— DATASET RECORDS —
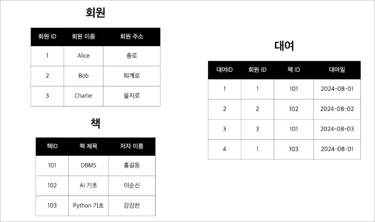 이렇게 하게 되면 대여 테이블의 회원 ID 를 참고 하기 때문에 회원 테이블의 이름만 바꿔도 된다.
---
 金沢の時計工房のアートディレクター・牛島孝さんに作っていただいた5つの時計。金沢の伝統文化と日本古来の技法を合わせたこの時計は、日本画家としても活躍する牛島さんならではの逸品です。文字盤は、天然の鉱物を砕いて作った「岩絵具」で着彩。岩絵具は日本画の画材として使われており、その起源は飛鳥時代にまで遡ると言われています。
* * *
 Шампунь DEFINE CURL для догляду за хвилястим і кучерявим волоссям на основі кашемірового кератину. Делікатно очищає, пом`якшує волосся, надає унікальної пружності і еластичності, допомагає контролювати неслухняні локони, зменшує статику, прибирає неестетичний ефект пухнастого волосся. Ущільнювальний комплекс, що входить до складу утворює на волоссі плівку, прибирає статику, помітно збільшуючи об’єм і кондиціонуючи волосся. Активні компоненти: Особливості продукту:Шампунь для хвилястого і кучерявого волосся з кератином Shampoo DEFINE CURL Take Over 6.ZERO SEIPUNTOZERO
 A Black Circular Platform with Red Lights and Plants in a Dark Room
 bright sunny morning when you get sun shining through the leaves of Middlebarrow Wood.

— WHAT THIS TASK INVOLVES —
Everything in the material above from the line that has "Шампунь DEFINE CURL" through the line that has "bright sunny morning" must be duplicated exactly, with no other lines given.

— RESULT OF THIS TASK —
 Шампунь DEFINE CURL для догляду за хвилястим і кучерявим волоссям на основі кашемірового кератину. Делікатно очищає, пом`якшує волосся, надає унікальної пружності і еластичності, допомагає контролювати неслухняні локони, зменшує статику, прибирає неестетичний ефект пухнастого волосся. Ущільнювальний комплекс, що входить до складу утворює на волоссі плівку, прибирає статику, помітно збільшуючи об’єм і кондиціонуючи волосся. Активні компоненти: Особливості продукту:Шампунь для хвилястого і кучерявого волосся з кератином Shampoo DEFINE CURL Take Over 6.ZERO SEIPUNTOZERO
 A Black Circular Platform with Red Lights and Plants in a Dark Room
 bright sunny morning when you get sun shining through the leaves of Middlebarrow Wood.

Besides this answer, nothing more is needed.